Would you repeat the listing below exactly, with no pictures in it?
Segment Start: Supplied material
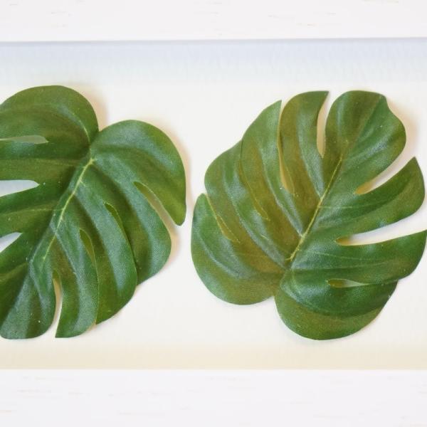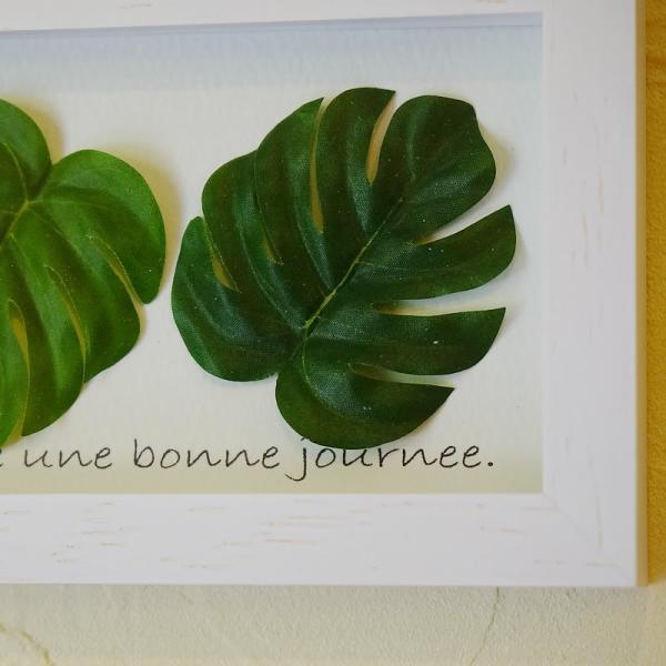 【商品名】リーフフレーム パネル モンステラ 葉5枚 額 横型(ホワイト枠)
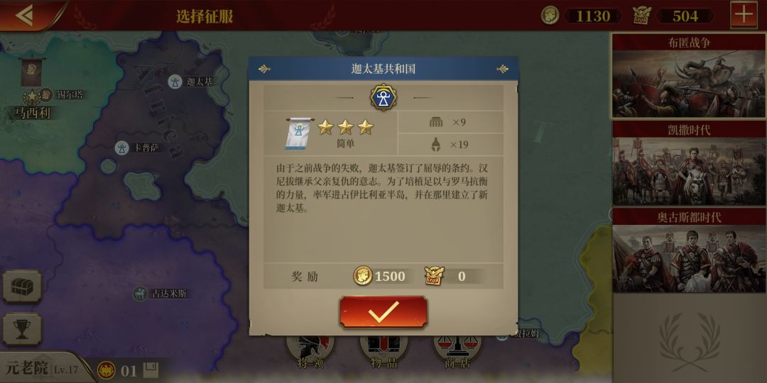 等罗马拿下罗马城后的时候就造兵去打昔兰尼,西边图尔德泰尼、迦太基俩虎的一批。(也可以像其他大佬说的守岛,具体用那种策略都可以;看你自己选择。)
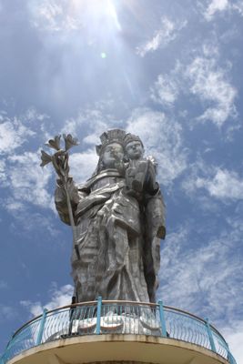 El monumento representa a la Virgen María sosteniendo al niño Jesús, funcionando como punto central para festivales y reuniones religiosas durante el año.
Segment End: Supplied material
Task result:
 【商品名】リーフフレーム パネル モンステラ 葉5枚 額 横型(ホワイト枠)
 等罗马拿下罗马城后的时候就造兵去打昔兰尼,西边图尔德泰尼、迦太基俩虎的一批。(也可以像其他大佬说的守岛,具体用那种策略都可以;看你自己选择。)
 El monumento representa a la Virgen María sosteniendo al niño Jesús, funcionando como punto central para festivales y reuniones religiosas durante el año.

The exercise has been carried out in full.